CIANJUR – Elemen masyarakat di Kabupaten Cianjur turut menyoroti terungkapnya kasus dugaan korupsi bantuan program agroeduwisata tahun anggaran 2022 di Kabupaten Cianjur. Mereka meminta agar perangkat daerah terkait di lingkup Pemkab Cianjur juga turut diperiksa.
Sebelumnya, tim penyidik Kejaksaan Negeri Cianjur sudah menetapkan dua orang tersangka pada kasus tersebut. Mereka adalah D yang merupakan pegawai di Kementerian Pertanian dan OS yang merupakan pihak penerima manfaat.
Program tersebut berasal dari Kementerian Pertanian dengan nilai anggaran lebih kurang sebesar Rp13 miliar pada 2022. Hasil pemeriksaan, ada potensi kerugian negara mencapai Rp8 miliar.
“Kami merekomendasikan kejaksaan melakukan pemanggilan ke instansi terkait di Pemkab Cianjur. Tidak hanya memeriksa para penerima manfaat ” tutur Ketua Jaringan Intelektual Muda (JIM), Alif Irfan, Rabu, 11 Desember 2024.

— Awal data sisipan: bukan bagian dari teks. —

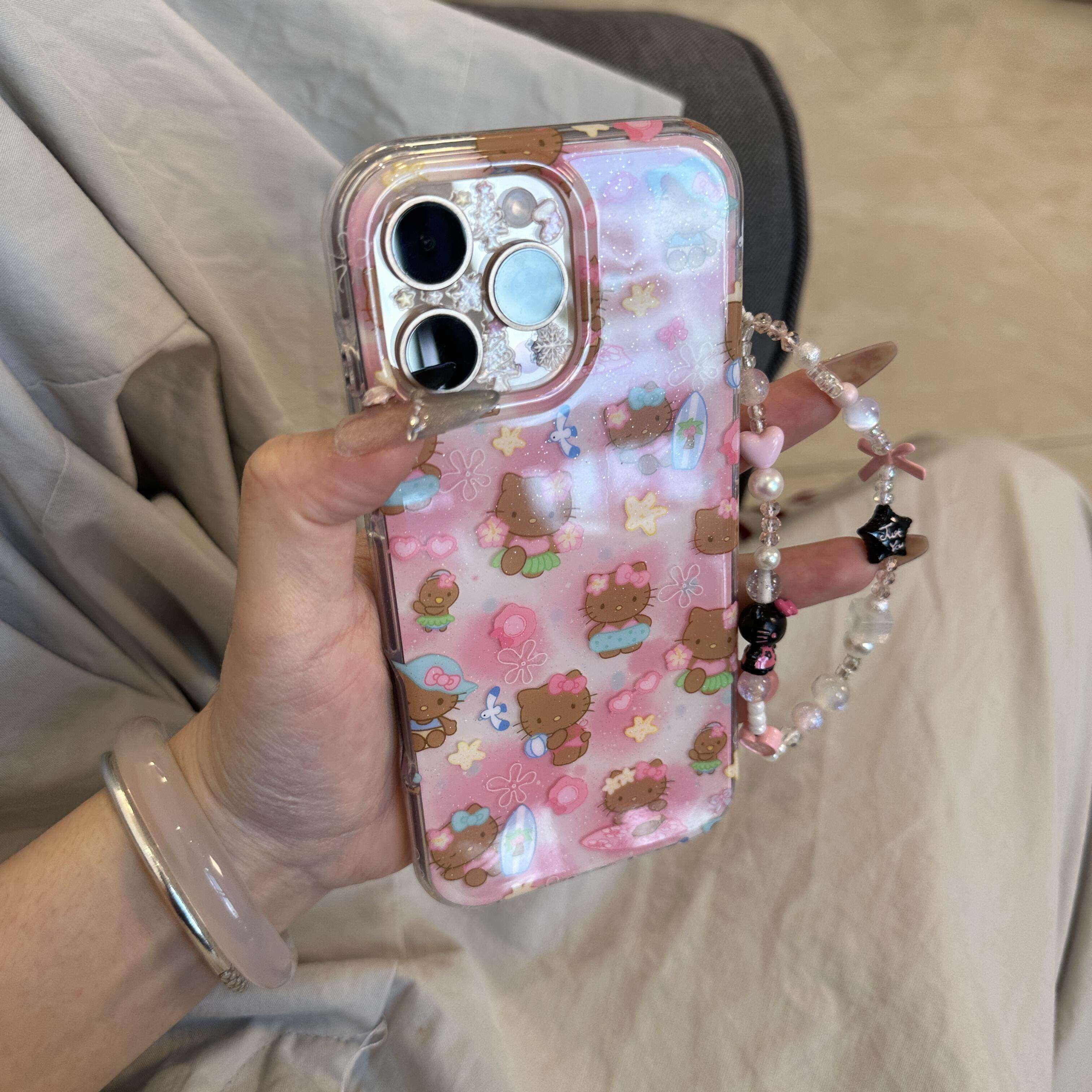 可爱粉晕染夏威夷舞黑皮KT猫链条手机壳适用苹果16promax新款IMD双层15pro全包14promax保护套14/13防摔16女
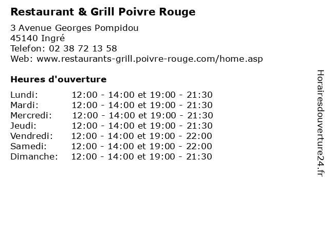 | Vendredi | 12:00-14:00 et 19:00-22:00 |

Permintaan Alif cukup rasional. Sebab, instansi terkait di Pemkab Cianjur itu ikut mengawasi pembangunan proyek dua agroeduwisata yakni Artala Agroeduwisata di Kecamatan Cipanas dan Shamala Skywalk View di Kecamatan Warungkondang.
“Kami berharap Kejari Cianjur berani memanggil dinas terkait bukan hanya 45 orang penerima manfaat, tapi peran pengawas juga harus diidentifikasi,” kata dia.
Kajari Cianjur Kamin mengaku akan terus mendalami dugaan korupsi pada kasus tersebut. Termasuk menyelidiki adanya kemungkinan tersangka lain.
“Kami tentu akan menyelidiki keterlibatan tersangka lain dalam kasus korupsi bantuan program agroeduwisata tahun anggaran 2022,” pungkasnya. (bay)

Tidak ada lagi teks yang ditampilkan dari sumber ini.